How much is the Toyota Camry Ascent?
Retailing at $27,690, the base petrol version of the Camry Ascent (a petrol/electric hybrid option also exists for the Ascent grade) is a sharp deal right from the get-go. Few of its mid-size sedan competitors can come close to its bargain pricetag – in fact just one, the Skoda Octavia, manages to sneak lower than the Camry.
Who is it for?
Low-specification Camry variants have traditionally been favoured by fleet operators, but even private buyers looking for a maximum of cabin space and comfort for as few dollars as possible should find themselves drawn to the Camry Ascent. Not bothered if you don’t have the latest gadgets and mod-cons? The Ascent grade might be your jam.

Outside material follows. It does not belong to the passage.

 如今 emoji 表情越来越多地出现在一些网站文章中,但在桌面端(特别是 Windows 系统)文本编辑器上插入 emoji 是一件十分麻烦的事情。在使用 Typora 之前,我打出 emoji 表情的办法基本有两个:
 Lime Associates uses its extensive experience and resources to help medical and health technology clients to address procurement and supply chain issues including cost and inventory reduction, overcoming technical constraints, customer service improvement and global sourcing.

Is the Toyota Camry Ascent easy to live with?
The current Camry’s classification as a mid-size car is a red herring. It straddles the line between medium and large, and one need only step into its spacious rear cabin to realise the sheer amount of room on offer.
Seating five adults in reasonable comfort and four in great comfort, the Camry’s interior is packaged to preference its human occupants.

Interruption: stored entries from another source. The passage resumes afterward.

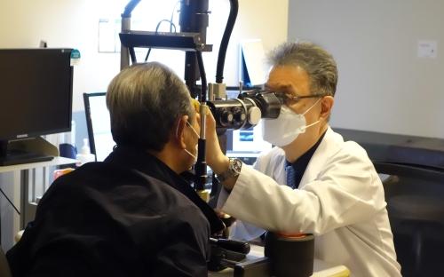부산성모안과병원 윤희성 병원장이 안구 검사를 시행하고 있다. 부산성모안과병원 제공건강보험심사평가원 자료에 따르면 2017~2019년 3년간 국내 황반변성 환자가 16만 4818명에서 20만 471명으로 약 20% 증가했다. 연령별로는 61~80세 사이에 가장 많이 분포돼 있고, 70대 이상 고령층에선 5명 중 1명꼴로 황반변성에 시달린다.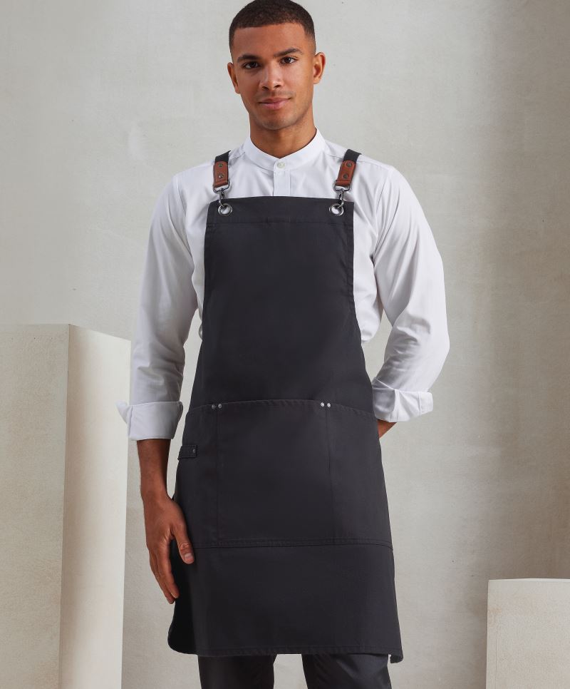 Brusttasche mit Reißverschluss, 2 Seitentaschen, Taschenmaß: 24x17cm, Nähte in Kontrastfarbe, Stoffbänder: 90cm lang, Stoffband mit Messingschnalle als Verschluss, Ösen und Nieten Details, Länge: 86cm, Breite: 72cm, Easy Care, Industriewäsche 85° waschbar, 60° waschbar, trocknergeeignet bei niedriger Temperatur, nicht chemisch reinigen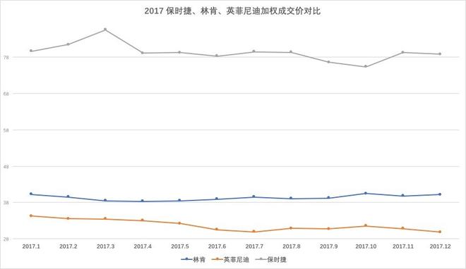 保時(shí)捷、林肯、英菲尼迪銷量在5-10萬(wàn)之間為第三陣營(yíng),保時(shí)捷品牌比較節(jié)制,對(duì)銷量一直沒有過(guò)多追求,銷售方式與其他豪華品牌不同,多以訂單方式銷售,經(jīng)銷商利潤(rùn)連續(xù)兩年行業(yè)中為最好;全進(jìn)口車型為主的林肯成交價(jià)在39萬(wàn)上下,今年銷量增速最快,價(jià)格走勢(shì)也非常好,但產(chǎn)品進(jìn)入銷售中期,與其他品牌新款車型對(duì)比不占優(yōu)勢(shì);英菲尼迪今年沒有太多走量新車,國(guó)產(chǎn)車型也面臨改款,成交價(jià)在30萬(wàn)上下,隨新款QX50上市,Q50L改款,銷量和成交價(jià)有望走高。

Backseaters get heaps of legroom and their own air vents, while the driver’s seating position is especially good with a low-ish seat mounting and a steering wheel/pedal relationship that’s just about perfect for the average body.
The asymmetric centre stack does mask some of the forward storage cubbies from the front passenger, but otherwise there are few ergonomic – or quality – fails here.
However, the sad-looking non-GPS infotainment screen and bare urethane steering wheel are constant reminders that you’re riding in the cheapest Camry of the lot. Infotainment, in particular, is one area where Toyota could gain a lot of ground, given most rivals now offer Android Auto and/or Apple Carplay smartphone mirroring at a minimum. It’s a step above being forced to suction-cup your phone to the windshield.
One other thing to note, though, is that the Ascent petrol carries a full-size spare wheel under its boot floor rather than the space-saver of other variants, which trims boot capacity to 493 litres (a 31-litre loss).
How well does the Toyota Camry Ascent drive?
This might sound odd, but in our opinion, the Camry Ascent is actually one of the nicest of the Camry variants when it comes to driving.
It has a lot to do with the tyres. While the rest of the Camry family roll on 18-inch wheels or receive a slightly sportier suspension calibration (the Camry SX), the base Ascent forgoes that in favour of modest 17-inch alloys and chubby tyre sidewalls. As a consequence ride compliance and refinement are superb and coupled with the Camry’s well-tuned suspension delivers exceptional comfort regardless of the road surface.
The 2.5-litre petrol engine and six-speed automatic are a good pairing, though obviously not overburdened with power - 133kW and 231Nm are the peak outputs, and the gearbox’s preference for high gears means you’ll really need to press the accelerator to feel either of those figures. It gets the job done though, and rarely feels flustered or overwhelmed by urban or highway driving.
In fact, it feels very much at home on the highway, with exceptional stability and direct (but not ultra-sharp) steering making it easy to drive at high speed. The suspension’s cushiness also comes to the fore in this environment, with just enough compliance to dispatch rougher country B-roads without being floaty and loose.
It seems strange to walk away from the cheapest Camry and be so impressed with it, but that’s how our week with the Camry Ascent ended. Normally the entry-level model of, well, anything, tends to leave you wanting, but we admire the Ascent’s ability to satisfy the core needs of those who simply want a spacious sedan that’s not just easy to drive, but above-par.
It could be better, though. A sportier transmission mode to help driver’s bypass the ordinarily snoozy gearbox calibration would be welcome, and a more modern infotainment fit-out would be even better. That aside, the Camry Ascent has all of the basics covered, and its long-distance comfort is truly exceptional. All that, and it’ll cost you under thirty grand.